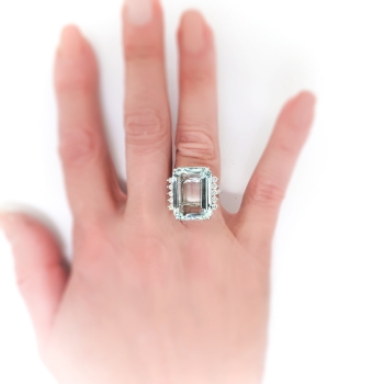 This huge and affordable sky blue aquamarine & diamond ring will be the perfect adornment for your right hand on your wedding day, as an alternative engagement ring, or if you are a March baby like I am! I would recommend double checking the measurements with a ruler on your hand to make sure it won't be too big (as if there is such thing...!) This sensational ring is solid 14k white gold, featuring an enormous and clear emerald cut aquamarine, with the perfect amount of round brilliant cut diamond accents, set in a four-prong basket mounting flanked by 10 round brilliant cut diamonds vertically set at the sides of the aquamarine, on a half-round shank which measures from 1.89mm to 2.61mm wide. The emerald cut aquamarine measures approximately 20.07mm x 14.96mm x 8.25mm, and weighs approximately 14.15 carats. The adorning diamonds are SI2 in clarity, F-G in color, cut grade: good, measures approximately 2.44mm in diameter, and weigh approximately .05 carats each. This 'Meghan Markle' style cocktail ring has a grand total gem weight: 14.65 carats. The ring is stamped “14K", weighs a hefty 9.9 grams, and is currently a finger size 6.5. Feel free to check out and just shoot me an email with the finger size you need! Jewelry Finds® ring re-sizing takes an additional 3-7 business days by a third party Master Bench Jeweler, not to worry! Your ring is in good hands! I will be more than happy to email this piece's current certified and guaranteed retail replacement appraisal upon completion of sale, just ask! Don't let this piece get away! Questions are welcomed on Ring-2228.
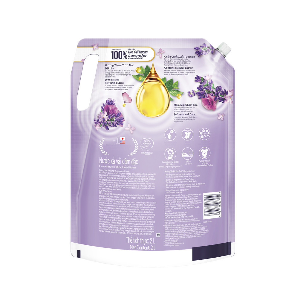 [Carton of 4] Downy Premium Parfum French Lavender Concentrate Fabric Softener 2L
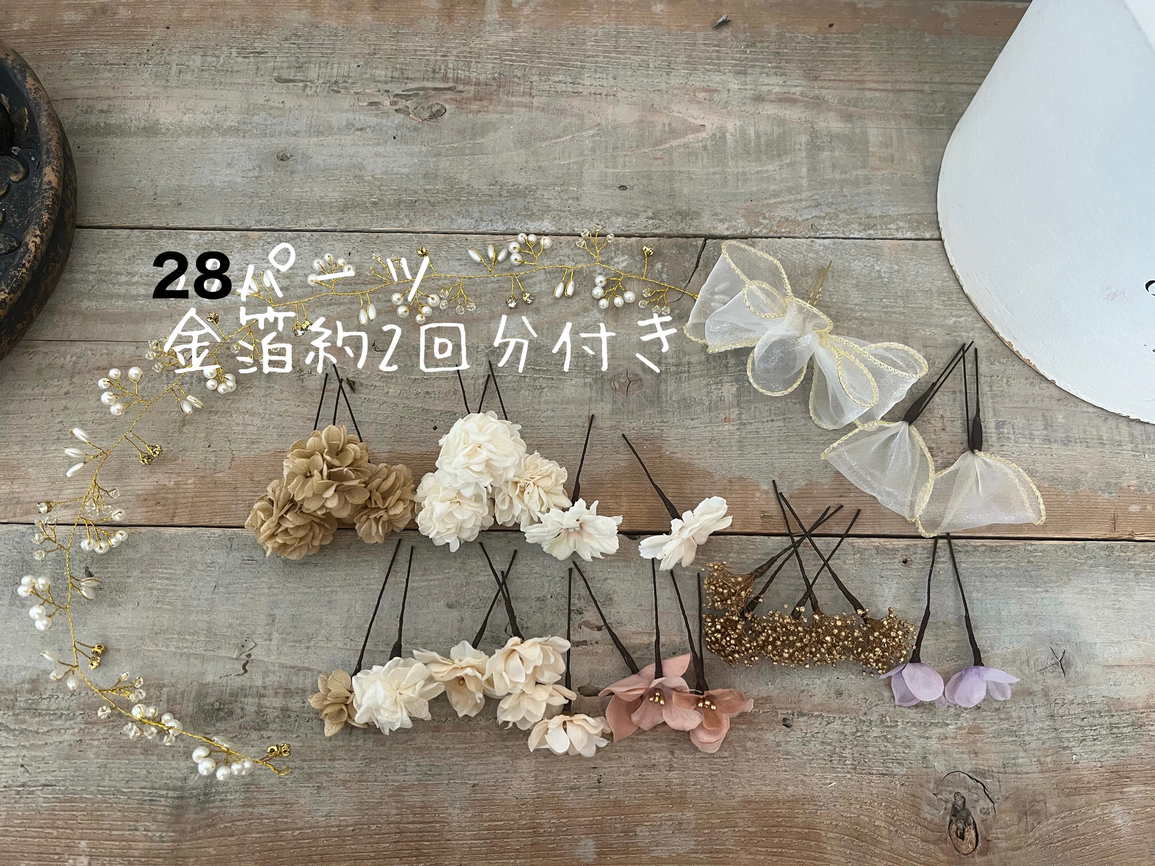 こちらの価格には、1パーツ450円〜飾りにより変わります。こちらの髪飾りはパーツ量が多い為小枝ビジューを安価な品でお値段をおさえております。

+-------+

Where images occur in the data above, leave them out and repeat everything else exactly.

- Output below
 This huge and affordable sky blue aquamarine & diamond ring will be the perfect adornment for your right hand on your wedding day, as an alternative engagement ring, or if you are a March baby like I am! I would recommend double checking the measurements with a ruler on your hand to make sure it won't be too big (as if there is such thing...!) This sensational ring is solid 14k white gold, featuring an enormous and clear emerald cut aquamarine, with the perfect amount of round brilliant cut diamond accents, set in a four-prong basket mounting flanked by 10 round brilliant cut diamonds vertically set at the sides of the aquamarine, on a half-round shank which measures from 1.89mm to 2.61mm wide. The emerald cut aquamarine measures approximately 20.07mm x 14.96mm x 8.25mm, and weighs approximately 14.15 carats. The adorning diamonds are SI2 in clarity, F-G in color, cut grade: good, measures approximately 2.44mm in diameter, and weigh approximately .05 carats each. This 'Meghan Markle' style cocktail ring has a grand total gem weight: 14.65 carats. The ring is stamped “14K", weighs a hefty 9.9 grams, and is currently a finger size 6.5. Feel free to check out and just shoot me an email with the finger size you need! Jewelry Finds® ring re-sizing takes an additional 3-7 business days by a third party Master Bench Jeweler, not to worry! Your ring is in good hands! I will be more than happy to email this piece's current certified and guaranteed retail replacement appraisal upon completion of sale, just ask! Don't let this piece get away! Questions are welcomed on Ring-2228.
 [Carton of 4] Downy Premium Parfum French Lavender Concentrate Fabric Softener 2L
 こちらの価格には、1パーツ450円〜飾りにより変わります。こちらの髪飾りはパーツ量が多い為小枝ビジューを安価な品でお値段をおさえております。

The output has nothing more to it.